Die Plasmaproteinbindung von endogenem Cortisol an das Kortikosteroid-bindende Globulin (CBG) (Alexander 1998a), auch Transcortin genannt (Kietzmann 2002a), wird mit 80% (Carpenter 1982a), über 90% (Ferguson 2001a; Hammond 1990a), bzw. 95% angegeben (Zimmer 1980a). Bei den meisten Haustieren liegt der gebundene Anteil von Cortisol im Bereich von 67 - 87% (Gayrard 1996a).
 
Unter physiologischen Bedingungen ist 68% des im Plasma zirkulierenden CBG's frei von Cortisol und dessen Cortisolbindungskapazität ist bei den meisten Haussäugetieren dreimal höher als die effektiven Plasmacortisolspiegel (Gayrard 1996a).
 
Das gebundene Steroid ist biologisch inaktiv, da eine Diffusion in die Zelle und folglich eine Bindung an den zytoplasmatischen GR verunmöglicht wird (Hogger 2003a; Irvine 1994a).
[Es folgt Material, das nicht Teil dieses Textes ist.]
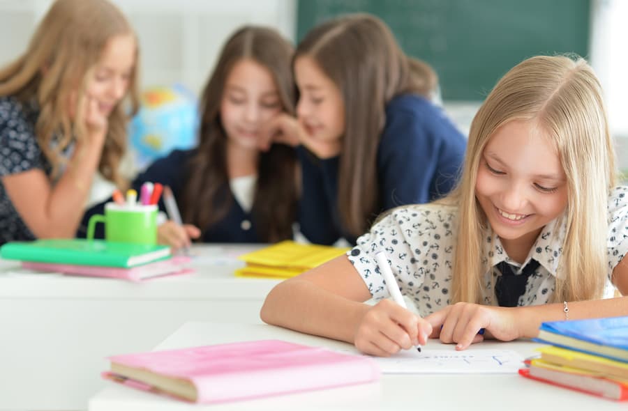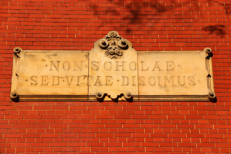Symbolbild eines Schultisches, auf dem im rechten Bildbereich eine lateinische Texttafel mit einem Lorbeerkranz liegt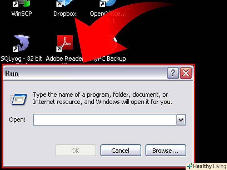 Натисніть кнопку Start знову, і як тільки у вас з'явиться опція Run, клацніть по ній. ви побачите невелике вікно, що з'являється з адресним рядком і декількома кнопками.

Somit reguliert die Bindungsaffinität und Kapazität dieses Transportproteins entscheidend die Bioverfügbarkeit des Cortisols (Alexander 1998a). Ungefähr 7 - 19% des endogenen Cortisols sind locker an Albumin gebunden und weitere 6 - 14% sind ungebunden und biologisch aktiv (Manin 1982a; Irvine 1994a; Gayrard 1996a).
 
Beim Fohlen wird am Ende der Trächtigkeit im Plasma eine steigende ACTH- und Cortisolkonzentration bei einer gleichzeitigen Abnahme der Cortisolbindungskapazität gemessen. Dies wiederum führt zu einer überdurchschnittlich hohen Konzentration an freiem Cortisol (Cudd 1995a).
 

Plasmaproteinbindung der synthetischen Glukokortikoide

Während Hydrocortison mit hoher Affinität vorwiegend an Transcortin gebunden wird, binden die synthetischen GK fast auschliesslich an Albumin, welches eine hohe Transportkapazität, aber eine niedrige Affinität aufweist (Hogger 2003a; Kietzmann 2002a).